Activity: Please retype the data below line for line and leave out every picture.

Collection entries:
Start of Block
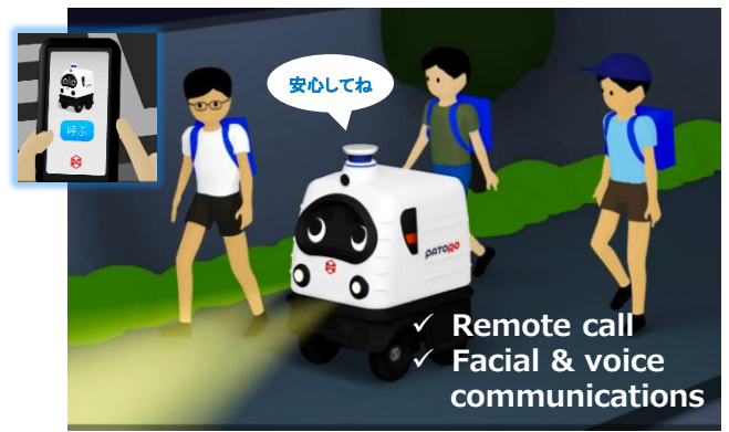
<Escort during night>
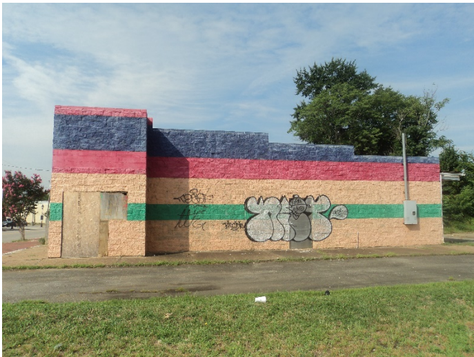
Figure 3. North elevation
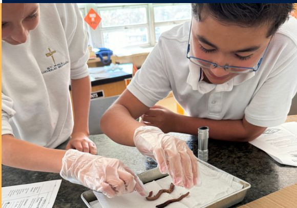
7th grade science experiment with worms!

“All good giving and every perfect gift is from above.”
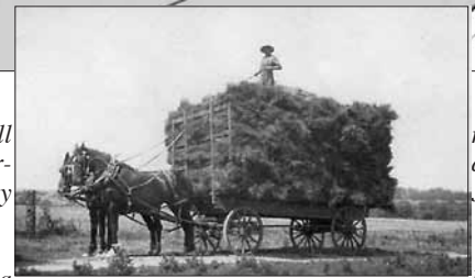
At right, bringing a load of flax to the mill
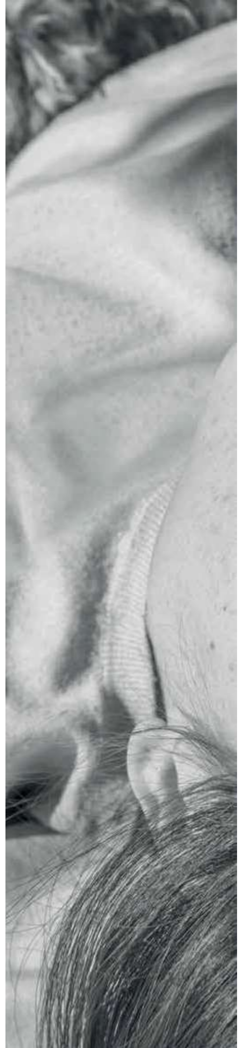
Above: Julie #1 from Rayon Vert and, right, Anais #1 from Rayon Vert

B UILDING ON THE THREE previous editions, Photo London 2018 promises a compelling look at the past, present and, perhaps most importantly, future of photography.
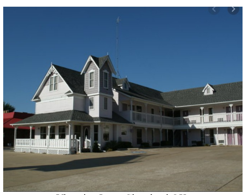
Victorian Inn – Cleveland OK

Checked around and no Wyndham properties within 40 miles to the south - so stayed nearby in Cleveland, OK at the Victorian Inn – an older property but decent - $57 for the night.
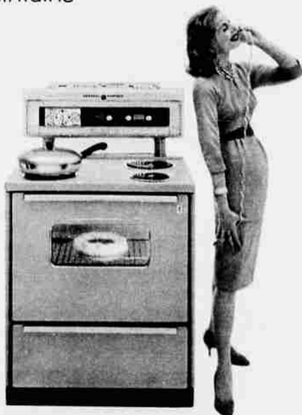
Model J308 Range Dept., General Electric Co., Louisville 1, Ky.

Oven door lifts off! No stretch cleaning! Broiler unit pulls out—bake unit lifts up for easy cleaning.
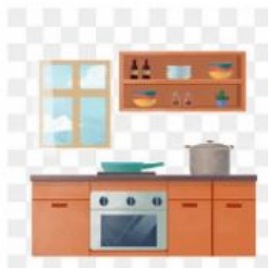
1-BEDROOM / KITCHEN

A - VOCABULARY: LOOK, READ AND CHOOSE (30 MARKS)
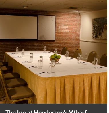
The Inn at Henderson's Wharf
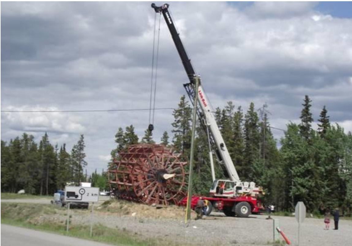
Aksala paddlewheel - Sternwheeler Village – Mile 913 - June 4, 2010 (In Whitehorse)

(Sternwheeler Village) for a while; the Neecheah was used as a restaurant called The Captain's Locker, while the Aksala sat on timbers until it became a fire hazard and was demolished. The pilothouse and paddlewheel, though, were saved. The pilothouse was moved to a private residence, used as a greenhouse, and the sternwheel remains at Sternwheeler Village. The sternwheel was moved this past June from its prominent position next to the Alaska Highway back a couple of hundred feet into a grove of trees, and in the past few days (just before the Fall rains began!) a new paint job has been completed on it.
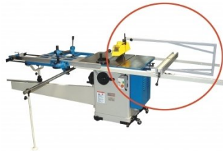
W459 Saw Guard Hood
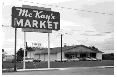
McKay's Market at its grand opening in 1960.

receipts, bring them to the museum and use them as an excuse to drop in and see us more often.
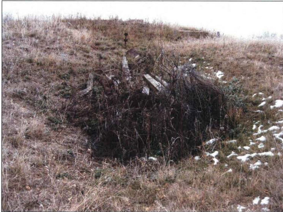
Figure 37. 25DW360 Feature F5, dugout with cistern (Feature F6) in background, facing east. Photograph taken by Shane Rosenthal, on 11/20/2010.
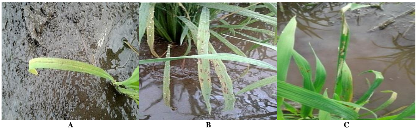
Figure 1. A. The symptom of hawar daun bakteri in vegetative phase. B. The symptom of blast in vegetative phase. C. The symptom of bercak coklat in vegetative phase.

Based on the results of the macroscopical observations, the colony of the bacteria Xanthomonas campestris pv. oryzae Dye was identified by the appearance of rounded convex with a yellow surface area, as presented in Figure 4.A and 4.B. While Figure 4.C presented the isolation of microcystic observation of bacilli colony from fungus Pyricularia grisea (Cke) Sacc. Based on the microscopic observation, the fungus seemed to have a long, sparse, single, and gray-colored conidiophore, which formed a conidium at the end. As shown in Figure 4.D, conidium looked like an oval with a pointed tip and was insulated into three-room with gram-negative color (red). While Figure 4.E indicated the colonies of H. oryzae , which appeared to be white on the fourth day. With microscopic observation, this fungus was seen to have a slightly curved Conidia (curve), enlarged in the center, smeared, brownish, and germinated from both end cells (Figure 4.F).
End of Block
Exercise answer:
<Escort during night>
Figure 3. North elevation
7th grade science experiment with worms!

“All good giving and every perfect gift is from above.”
At right, bringing a load of flax to the mill
Above: Julie #1 from Rayon Vert and, right, Anais #1 from Rayon Vert

B UILDING ON THE THREE previous editions, Photo London 2018 promises a compelling look at the past, present and, perhaps most importantly, future of photography.
Victorian Inn – Cleveland OK

Checked around and no Wyndham properties within 40 miles to the south - so stayed nearby in Cleveland, OK at the Victorian Inn – an older property but decent - $57 for the night.
Model J308 Range Dept., General Electric Co., Louisville 1, Ky.

Oven door lifts off! No stretch cleaning! Broiler unit pulls out—bake unit lifts up for easy cleaning.
1-BEDROOM / KITCHEN

A - VOCABULARY: LOOK, READ AND CHOOSE (30 MARKS)
The Inn at Henderson's Wharf
Aksala paddlewheel - Sternwheeler Village – Mile 913 - June 4, 2010 (In Whitehorse)

(Sternwheeler Village) for a while; the Neecheah was used as a restaurant called The Captain's Locker, while the Aksala sat on timbers until it became a fire hazard and was demolished. The pilothouse and paddlewheel, though, were saved. The pilothouse was moved to a private residence, used as a greenhouse, and the sternwheel remains at Sternwheeler Village. The sternwheel was moved this past June from its prominent position next to the Alaska Highway back a couple of hundred feet into a grove of trees, and in the past few days (just before the Fall rains began!) a new paint job has been completed on it.
W459 Saw Guard Hood
McKay's Market at its grand opening in 1960.

receipts, bring them to the museum and use them as an excuse to drop in and see us more often.
Figure 37. 25DW360 Feature F5, dugout with cistern (Feature F6) in background, facing east. Photograph taken by Shane Rosenthal, on 11/20/2010.
Figure 1. A. The symptom of hawar daun bakteri in vegetative phase. B. The symptom of blast in vegetative phase. C. The symptom of bercak coklat in vegetative phase.

Based on the results of the macroscopical observations, the colony of the bacteria Xanthomonas campestris pv. oryzae Dye was identified by the appearance of rounded convex with a yellow surface area, as presented in Figure 4.A and 4.B. While Figure 4.C presented the isolation of microcystic observation of bacilli colony from fungus Pyricularia grisea (Cke) Sacc. Based on the microscopic observation, the fungus seemed to have a long, sparse, single, and gray-colored conidiophore, which formed a conidium at the end. As shown in Figure 4.D, conidium looked like an oval with a pointed tip and was insulated into three-room with gram-negative color (red). While Figure 4.E indicated the colonies of H. oryzae , which appeared to be white on the fourth day. With microscopic observation, this fungus was seen to have a slightly curved Conidia (curve), enlarged in the center, smeared, brownish, and germinated from both end cells (Figure 4.F).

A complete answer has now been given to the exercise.